*Assigned task*: In the material below, find the line containing "Coloque la plancha" and output it and all lines after it exactly, through the last one, without the pictures.

─── Given information ───

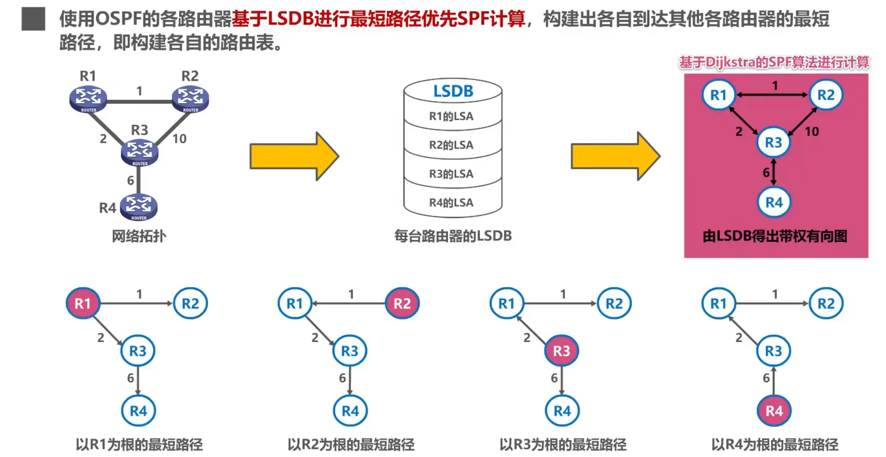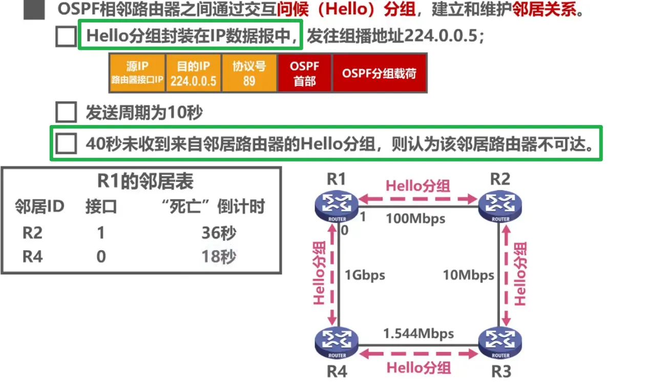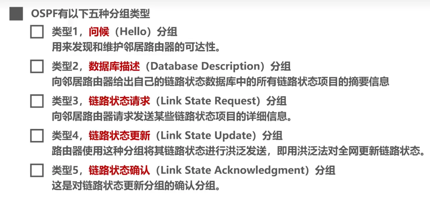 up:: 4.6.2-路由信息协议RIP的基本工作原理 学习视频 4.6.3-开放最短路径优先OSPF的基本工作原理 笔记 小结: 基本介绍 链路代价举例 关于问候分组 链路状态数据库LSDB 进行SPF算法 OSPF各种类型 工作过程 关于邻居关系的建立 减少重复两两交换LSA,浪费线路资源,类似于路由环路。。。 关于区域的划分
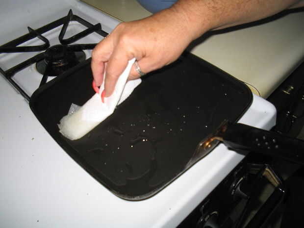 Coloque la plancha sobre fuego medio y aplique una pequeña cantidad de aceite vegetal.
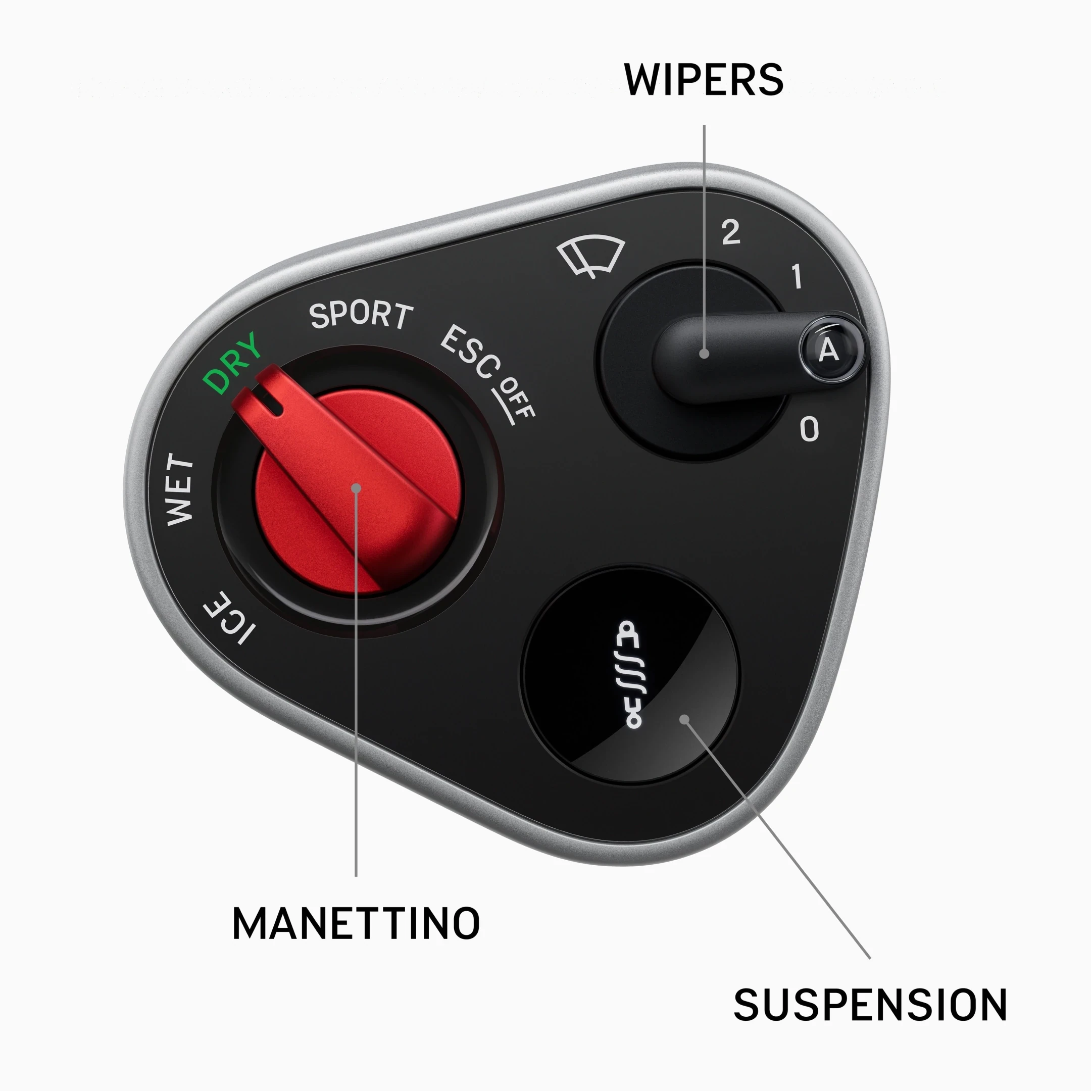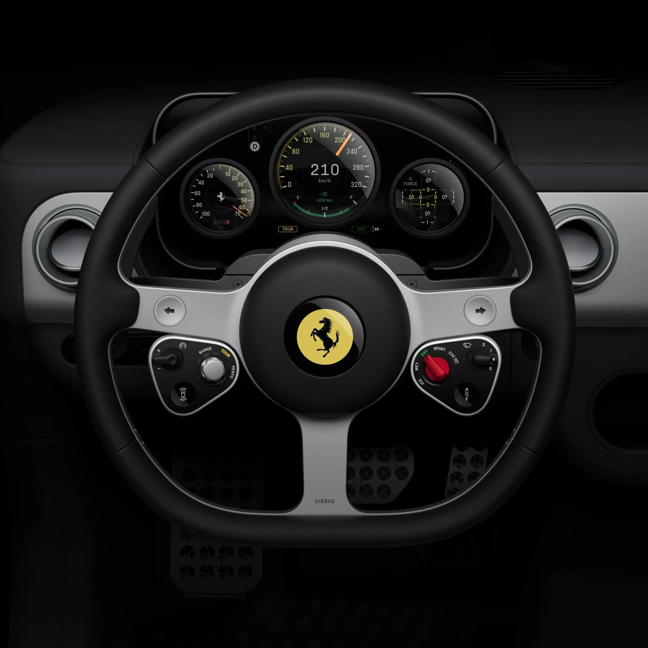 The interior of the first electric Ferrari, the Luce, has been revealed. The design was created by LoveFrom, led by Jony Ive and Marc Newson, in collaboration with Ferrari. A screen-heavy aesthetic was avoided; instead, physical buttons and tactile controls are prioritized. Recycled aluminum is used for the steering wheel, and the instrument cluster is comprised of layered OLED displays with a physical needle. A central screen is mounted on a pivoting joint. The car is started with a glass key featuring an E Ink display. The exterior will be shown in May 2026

───

*Task answer*:
 Coloque la plancha sobre fuego medio y aplique una pequeña cantidad de aceite vegetal.
 The interior of the first electric Ferrari, the Luce, has been revealed. The design was created by LoveFrom, led by Jony Ive and Marc Newson, in collaboration with Ferrari. A screen-heavy aesthetic was avoided; instead, physical buttons and tactile controls are prioritized. Recycled aluminum is used for the steering wheel, and the instrument cluster is comprised of layered OLED displays with a physical needle. A central screen is mounted on a pivoting joint. The car is started with a glass key featuring an E Ink display. The exterior will be shown in May 2026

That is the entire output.